High-density lipoproteins enhance progenitor-mediated endothelium repair in mice.

OBJECTIVE: We quantified endothelial progenitor cell (EPC) engraftment into the endothelial layer as an index of progenitor-mediated endothelial repair. Studies were conducted in C57BL/6J and in apolipoprotein E-deficient (apoE(-/-)) mice. We also investigated the possibility that high-density lipoproteins (HDL) may promote progenitor-mediated endothelial repair. METHODS AND
RESULTS: Thoracic aortic sections from C57BL/6J and apoE(-/-) mice were analyzed for evidence of progenitor-derived endothelium as determined by the number of stem cell antigen-1-positive (Sca-1+) cells in the endothelial layer. EPCs (Sca-1+ cells) were significantly increased after endothelial damage induced by lipopolysaccharide (LPS) administration in C57BL/6J mice. The number of EPCs was greater in the aortic endothelium of untreated apoE(-/-) than in untreated C57BL/6J mice and was similar to the number observed in LPS-treated C57BL/6J mice. The number of EPCs in the aortic endothelium of apoE(-/-) mice more than doubled after intravenous infusion of reconstituted HDL.
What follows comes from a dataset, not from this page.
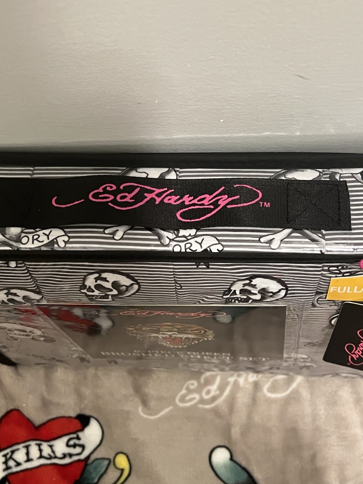 как выглядит Ed Hardy Queen 6pc Black White Skull Snake Print Brushed Sheet Set NWT фото

CONCLUSIONS: EPCs are recruited into the aortic endothelial layer of mice in response to an inflammatory insult. EPCs are also increased in the aortic endothelium of untreated apoE(-/-) mice. The observation that number is further increased in apoE(-/-) mice after injection of HDL suggests a role for HDL in promoting progenitor-mediated endothelial repair.